How are you? I hope all is well with you.  I understand that your resources are limited and as many of us you are working under pressure. But if possible, would you please find half an hour to look at my code and advise me on what am I doing wrong? Thank you for your help and have a great day ahead!

Best wishes,
Maxim

Maxim Abalenkov \\ maxim.abalenkov@gmail.com
+44 7 486 486 505 \\ www.maxim.abalenkov.uk

On 5 Nov 2024, at 17:22, Maxim Abalenkov <maxim.abalenkov@gmail.com> wrote:

Dear all,

I hope all is well with you. Let me please share the link to a GitHub repository with my code:


The wrapper routine Engine::profile_run calls the six phases of computation at each iteration of the time loop:


1) Intercept phase:


2) Overland depth phase:


3) Infiltration phase:


4) Diffusive routing phase:


5) Outlet + Storm phase  // currently sequential:


If possible, can you please spend 15 minutes to review my StarPU code and provide insight on what I could do to improve parallel performance? Thank you very much for all your help so far! Have a wonderful evening ahead!

Best wishes,
Maxim

Maxim Abalenkov \\ maxim.abalenkov@gmail.com
+44 7 486 486 505 \\ www.maxim.abalenkov.uk

On 5 Nov 2024, at 12:33, Maxim Abalenkov <maxim.abalenkov@gmail.com> wrote:

Dear all,

Let me please describe my finite-difference code in more detail.
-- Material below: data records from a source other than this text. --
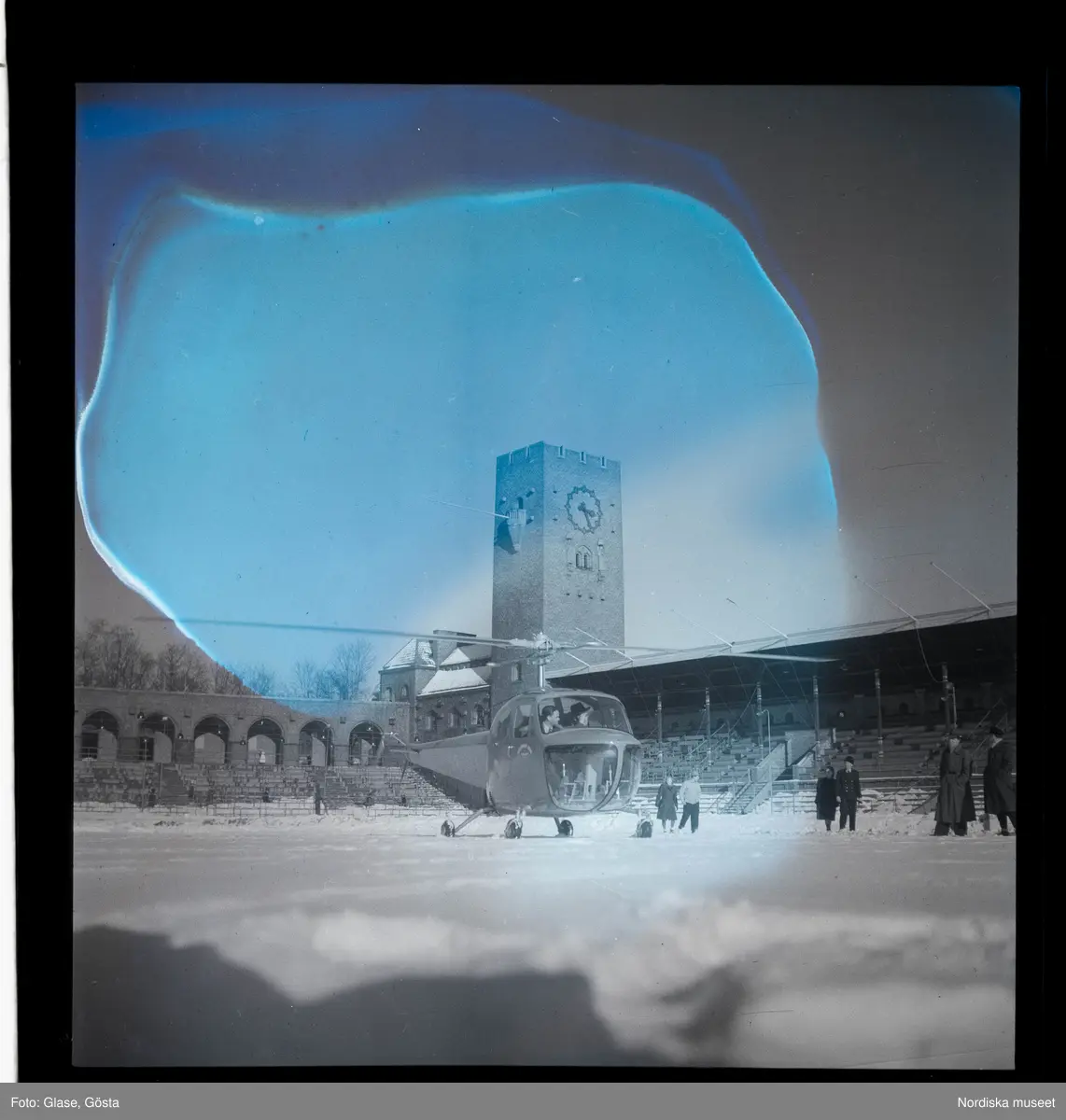 Helikoptern landar på Stadion, 1947.
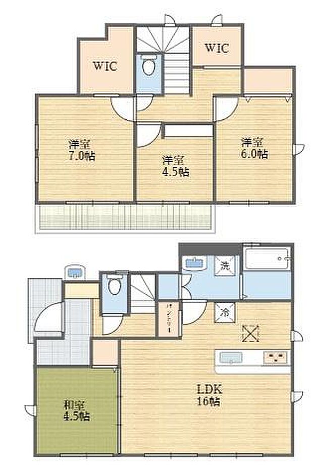 | 間取り | 4LDK 間取り内訳:リビングダイニングキッチン 16帖(1階)・和室 4.5畳(1階)・洋室 7帖(2階)・洋室 4.5帖(2階)・洋室 6帖(2階) |
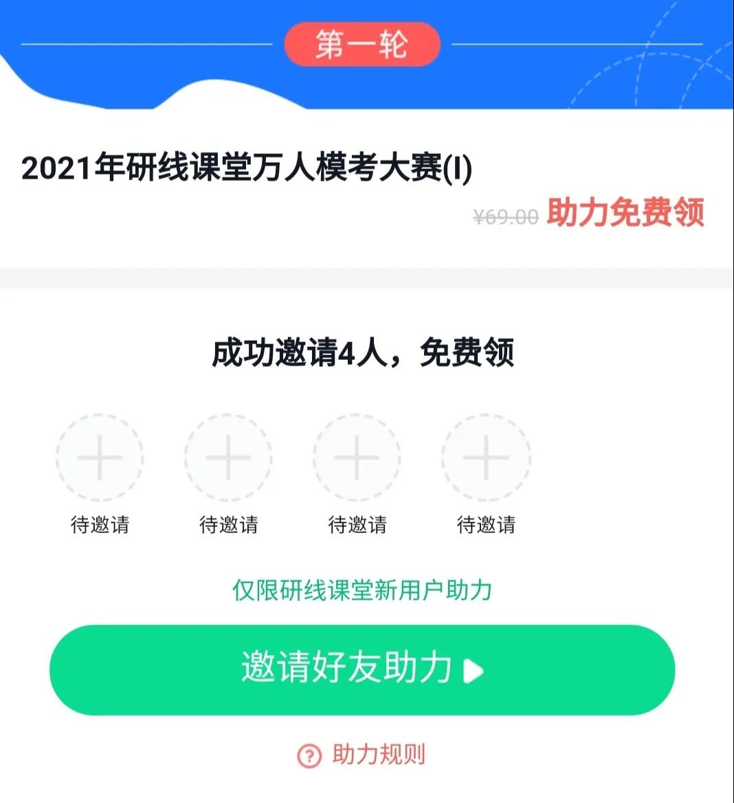 注意!注意!只要成功邀請4個研線課堂新用戶,將能免費(fèi)獲得一輪模考參與機(jī)會!

There are four computationally expensive phases of the code. Each of them is formulated as C function. These functions are called at every iteration of a time loop.

for t in 0..t_max {
    comp_intercept_starpu
    comp_overland_depth_starpu
    comp_infiltration_starpu
    comp_diffusive_routing_starpu
    comp_outlet_starpu
    comp_storm_starpu
}

The code uses multiple two-dimensional arrays with data values. These arrays (as common in C) are flattened into one dimension. A data array is an m x n  matrix, where m — no. of rows and n — no. of columns. When flattened an m * n matrix becomes a vector of length m * n. To divide the data into blocks I divide my arrays along the first (row) dimension only. The second (column) dimension remains constant and is equal to n. Please see an attached sketch for details on data arrangement in arrays.

The first three routines (intercept, overland_depth and infiltration) can benefit from applying StarPU’s block filter and submitting tasks on these blocks. This situation is depicted in the leftmost figure on the sketch. 
Diffusive routing routine is the most complex and needs to omit the last row and the last column from its calculation. To make it work I created my own data structure called a matrix block. I manually divide the data arrays into these matrix blocks, manually register them with StarPU and submit tasks. This access pattern is illustrated in the middle figure in the sketch.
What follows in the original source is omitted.